Tasya lo recordaba. Mila era una modelo solo de catálogos, concretamente de lencería y perfumes, por su hermosa figura y rasgos finos. Una presa fácil de cualquier buitre.

- Un día, a la compañía llegaron a proponer un trabajo nuevo: Se trataba de un nuevo perfume cuyo aroma aseguraba evocar el olor al pino de las áreas más nevadas del planeta, y a la vez, a la masculinidad de los hombres más masculinos. La propuesta, como la presentaron, consistía en una pareja, en la cama, teniendo relaciones y cubiertos solo por unas sábanas blancas. No se me vería el rostro, pero sí los cabellos, además de las pantorrillas, y a él, la espalda. Solo iba a ser un sesión fotográfica para un catálogo, así que la compañía me eligió, por mi apariencia. Y dado que Victor ya poseía un cuerpo masculino, decidieron que él sería el modelo. Cuando nos convocaron, reímos mucho, estábamos felices, yo mucho más, ya que la firma era muy conocida y podría ayudarme con mis potenciales patrocinadores en la etapa senior. Incluso Tasya y su novio nos enseñaron cómo debíamos posar… Estábamos más que preparados –su rostro perdió expresividad, y sus ojos se nublaron- Habíamos firmado sin leer todo el contrato, confiábamos en el cliente… Así que el día que llegamos al set de grabación, yo solo con Victor ya que íbamos por la misma compañía, nos dimos con la ingrata sorpresa: sí, era una sesión de fotos para un catálogo… Pero también un comercial para TV.

A Yuuri se le revolvió el estómago. Mila era aun una niña, se lo había contado.

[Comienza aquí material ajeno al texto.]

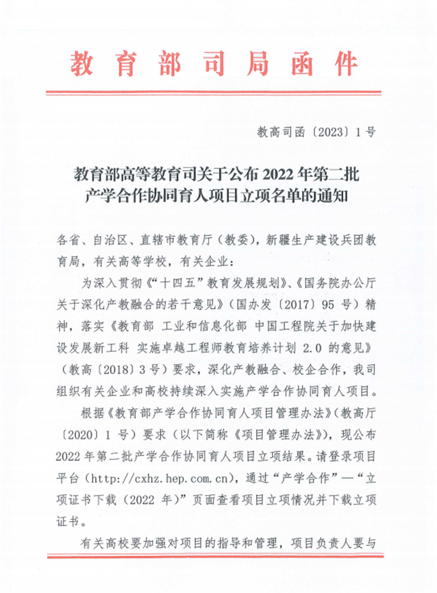 我校荣获1项2022年第二批教育部产学合作协同育人项目

Por ende, y conociendo a su novio, logró imaginar cuánto debió molestarlo aquella pesadilla.

- Victor se negó, intentando protegerme, pero, tal y como dijeron ellos, las firmas estaban ahí. Yo intenté calmarlo, le dije que esto sería casi como uno de los juegos entre Tasya y nosotros. Así que… -respiró profundo, y bajó la mirada, sonrojada- me quedé solo en ropa interior, y cubrí mi pecho con una toalla pequeña que me dieron. Victor se aguantó las ganas de mandarlos al demonio, y se ubicó lo más rápido que pudo para que no me mirasen de más, pero estaba demasiado incómodo… y también solo en bóxer. Yo era su hermanita, y estar en esa postura le era aberrante. Yo no quería que él pasara un mal rato, con todo lo que me había ayudado, a veces comprando mis equipos reglamentarios, a veces cuidando de mí cuando mis padres no estaban, así que empecé a hacerle bromas, y logramos relajarnos. Lo cual también fue un error… -Kotaro frunció el ceño- Vitya no podía mandar sobre su cuerpo, así que le pasaba a ratos lo que le ocurrió con Sveta, y ponía las sábanas de mil maneras, hasta pidió un cojín pequeño… Y yo no dejaba de reírme, burlándome de su problema de autocontrol. Hartos de nuestros juegos, el equipo dijo que cambarían a un plan B… Y como era una compañía suiza, pues…

- ¡Mierda! –Kotaro casi estrelló su copa en la barra, iracundo.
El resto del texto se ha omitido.